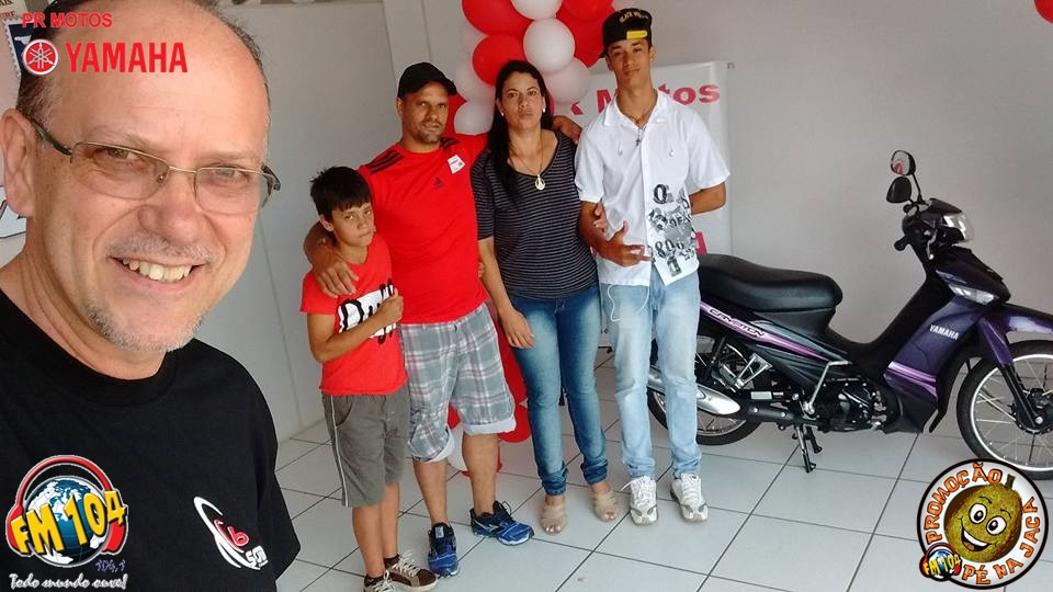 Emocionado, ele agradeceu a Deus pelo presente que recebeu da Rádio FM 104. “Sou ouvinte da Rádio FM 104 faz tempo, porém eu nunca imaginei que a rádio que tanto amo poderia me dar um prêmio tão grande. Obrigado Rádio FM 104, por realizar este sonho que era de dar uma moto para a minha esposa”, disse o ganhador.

________________________________________

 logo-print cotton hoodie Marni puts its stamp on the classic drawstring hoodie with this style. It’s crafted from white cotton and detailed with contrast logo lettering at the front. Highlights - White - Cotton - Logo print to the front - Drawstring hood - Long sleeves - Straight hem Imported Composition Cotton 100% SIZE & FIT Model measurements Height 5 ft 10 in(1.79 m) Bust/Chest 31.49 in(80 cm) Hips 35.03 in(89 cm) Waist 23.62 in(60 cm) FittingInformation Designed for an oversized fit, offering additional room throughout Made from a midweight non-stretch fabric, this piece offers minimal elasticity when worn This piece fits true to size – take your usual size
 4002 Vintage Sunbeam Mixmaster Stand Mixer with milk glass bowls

________________________________________

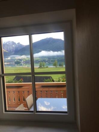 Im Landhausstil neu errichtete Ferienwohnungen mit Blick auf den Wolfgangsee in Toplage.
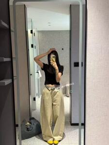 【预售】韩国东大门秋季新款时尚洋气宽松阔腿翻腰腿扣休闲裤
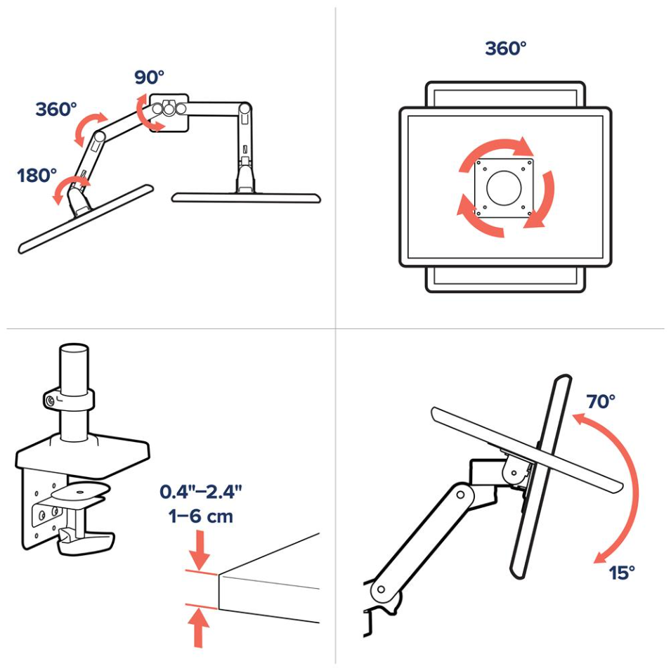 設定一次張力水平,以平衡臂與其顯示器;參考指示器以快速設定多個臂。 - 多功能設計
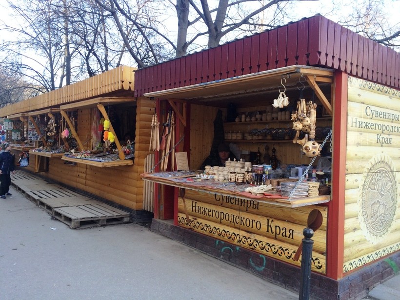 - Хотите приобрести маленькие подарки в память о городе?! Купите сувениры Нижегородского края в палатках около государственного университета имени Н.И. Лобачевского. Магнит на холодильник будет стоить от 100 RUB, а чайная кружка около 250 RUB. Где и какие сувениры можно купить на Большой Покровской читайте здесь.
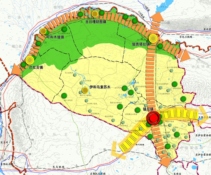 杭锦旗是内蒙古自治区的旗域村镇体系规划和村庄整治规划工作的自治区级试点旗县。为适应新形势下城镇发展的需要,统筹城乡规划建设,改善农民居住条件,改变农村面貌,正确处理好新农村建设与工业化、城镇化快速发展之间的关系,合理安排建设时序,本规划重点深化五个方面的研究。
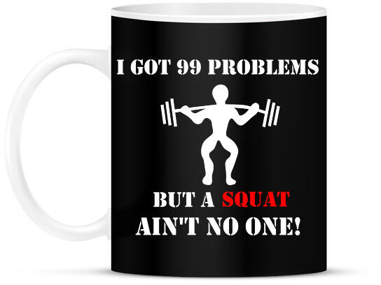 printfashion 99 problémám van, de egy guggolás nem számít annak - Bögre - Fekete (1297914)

________________________________________

-- TASK DETAILS --
Exactly the lines starting at the one above with "杭锦旗是内蒙古自治区的旗域村" and ending at the one with "printfashion 99 problémám" should be printed, and nothing else. Omit the pictures.

-- ANSWER TO THE PROBLEM --
 杭锦旗是内蒙古自治区的旗域村镇体系规划和村庄整治规划工作的自治区级试点旗县。为适应新形势下城镇发展的需要,统筹城乡规划建设,改善农民居住条件,改变农村面貌,正确处理好新农村建设与工业化、城镇化快速发展之间的关系,合理安排建设时序,本规划重点深化五个方面的研究。
 printfashion 99 problémám van, de egy guggolás nem számít annak - Bögre - Fekete (1297914)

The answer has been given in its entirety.